Fransa Nato’dan çıkmayı sürekli dile getirirken, neoliberalizm Arjan­tin’in Çin’e yaklaşmasından hoşlanmayarak Milei ile son şanslarını denemektedir. BRI­CS+ olarak genişlemeye devam ederken gü­neş Batı’da batmakta, Doğu’da yükselmekte. Güneş batmayan krallıkta fırtınalar koparsa kopsun şarkısı çalmaktadır.

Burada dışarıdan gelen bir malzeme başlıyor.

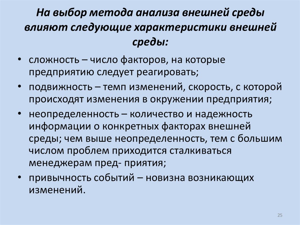 25. На выбор метода анализа внешней среды влияют следующие характеристики внешней среды:

Parasal sıkılaş­ma süreci ile dolarizasyon yaşayan ekonomi­ler zora girerken, “Hamas-İsrail Savaşı” ile bölgeye yayılan tansiyon 1970’ler sonrasının tekrarını iyice resmileştirmiştir. 2023’te LI­BOR’un ortadan kalkması ile “Serbest Dal­galı Faiz Rejimi” başta ABD tahvillerinde ve merkez bankalarının politika faizlerinde kendini göstermiştir. Bizde maalesef “Yüzyı­lın Depremi” gerçekleşmiştir.

Kurtalan ekspres dönence

Tüm bu gelişmelerden ekonomide payı­mıza düşeni aldığımız bir dönem olmuştur. Dünyada ticari uzay çalışmalarına hız veri­lirken, son Avrupa seçimleri ile siber çöküş­ler ve savaşlar pandemi dönemindeki kendi­ne yeterli ülke olma deneyimini tekrar ha­tırlatmıştır. Trump’ın kampanya sitesindeki korumacılık daha kapalı ekonomilerin (mu­hafazakârlık) öne çıkacağına işaret ediyor.

Bu aralar konser, grup, şarkılara iyi bak­mak lazım. Dünya Coldplay dinlemede, şu anda soğuk oynanıyor yani. Her ekonomik kuşağın bir sanatsal karşılığı var. Mesela “Fü­türist Manifesto” “3. Sanayi Devrimi’nin” otomasyonu ile sürekli ileriye hareket eden üretimleri dikkate alarak Le Figaro’da yayın­lanmıştır, dönemin tablolarında hep ileri­ye hareket eden varlıklarla betimlenir.

2020 sonrası yaşadıklarımızdan hareketle, 1970- 1986 arasına hızlandırılmış versiyon çok benzeyen, bu tekerrür eden tarihin yarısını alıp 2020’ye eklersek 2028’e kadar dünya ye­ni bir evreye girecek. Bu sefer küreselleşme değil daha farklı, solo takılan veya blokların oluştuğu bir ekonomik evre olacak gibi görü­nüyor. Ama net olan tek şey, değişim başla­dı. Dünya batmıyor ama dönüşüyor. O zaman soru şu: “Arkadaşlar hazır mısınız?